Uremic Toxins in Feline Chronic Kidney Disease

Cats with CKD have dysbiosis characterized by decreased fecal microbial diversity and richness.¹⁰ In addition, indoxyl sulfate is elevated in cats with CKD and is associated with disease progression.^11,12 In a study, even cats with IRIS stage 2 CKD were documented to have uremic toxin concentrations that were significantly higher than control cats.¹⁰ These findings suggest uremic toxins can be used as a therapeutic target in the management of feline CKD.

Management Strategies

Dietary Protein

The concept of decreasing uremic toxins and clinical signs of uremia through palliation of dietary protein load is the central tenant behind the historical recommendation to restrict protein in veterinary renal diets.¹³ However, data on the effects of differing protein contents on uremic toxins in cats are limited. In one study of normal cats, a higher protein diet was associated with transient increased concentrations of p-cresyl sulfate but not indoxyl sulfate.¹⁴ In another study in cats with early stage CKD, increased uremic toxins were associated with higher dietary protein.¹⁵ Currently, recommendations for modification of protein in cats center more around delicately balancing the treatment goal with maintaining lean body mass.¹⁶ Ensuring adequate caloric intake when feeding a modified protein diet is key to ensuring the pet receives adequate dietary protein.
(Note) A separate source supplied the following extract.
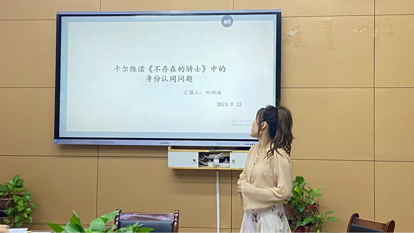 第3位发言人田润涵以《卡尔维诺〈不存在的骑士〉中的身份问题》为题,针对性讨论文本中三位骑士的身份问题,总结梳理为身份焦虑的产生、身份危机的浮现及身份建构的历程三个逻辑层次。论文同时借力拉康镜像理论,强调自我意志、行为和精神对于身份认同的重要作用。
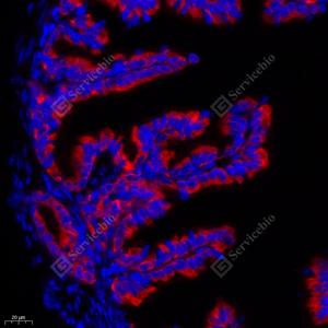 IF检测Hsp90蛋白(货号 GB12284)(红色). 样品: 大鼠卵巢, 4%多聚甲醛 (货号G1101) 固定12-24小时. 抗原修复: 柠檬酸抗原修复液(干粉, pH 6.0) (G1201), 高压锅均匀喷气计时2分钟. 封闭: 3% BSA(货号GC305010)的PBS溶液, 室温孵育30分钟. —抗: 1: 500稀释, 4℃ 孵育过夜. 二抗: Cy3标记山羊抗小鼠IgG (H+L) (货号GB21301), 1: 300稀释, 室温孵育1小时. |

Reducing Absorption of Uremic Toxins

Reducing the absorption of uremic toxins is another management strategy that can be employed to decrease uremia. Porus One, a carbon-based adsorbent, is designed to bind precursors of indoxyl sulfate and p-cresyl sulfate in the digestive tract to help eliminate it from the body. Porus One is odorless and tasteless and can be added to a patient’s diet at mealtime.¹⁷ Additional products on the market include a specialized probiotic/prebiotic designed to beneficially target the microbiome, with the intent of creating an environment with less uremic toxin production. Data on the effectiveness of these products to decrease indoxyl sulfate concentrations in cats with CKD are forthcoming.

Increasing Gut Motility

Increasing gut motility may also help decrease uremic toxins that result from protein catabolism in the colon. Constipated human patients with CKD have higher levels of uremic toxins as compared with patients with normal fecal scores; in addition, uremic toxins may in turn have negative effects on gastrointestinal motility.¹⁸ Constipation is common in feline CKD and is likely due to associated dehydration and hypokalemia. Therapy for improving gut motility and decreasing constipation may include correction of dehydration and electrolyte imbalance, diet modification, fiber supplementation, the use of osmotic stool softeners, and/or consideration of promotility agents such as lactulose.

Conclusion

Uremia can have a significant clinical impact on cats with CKD. A growing body of research is illuminating steps that can be taken to reduce the development and absorption of uremic toxins in these patients. Consideration should be given to these strategies as part of a well-rounded approach to the clinical management of feline CKD.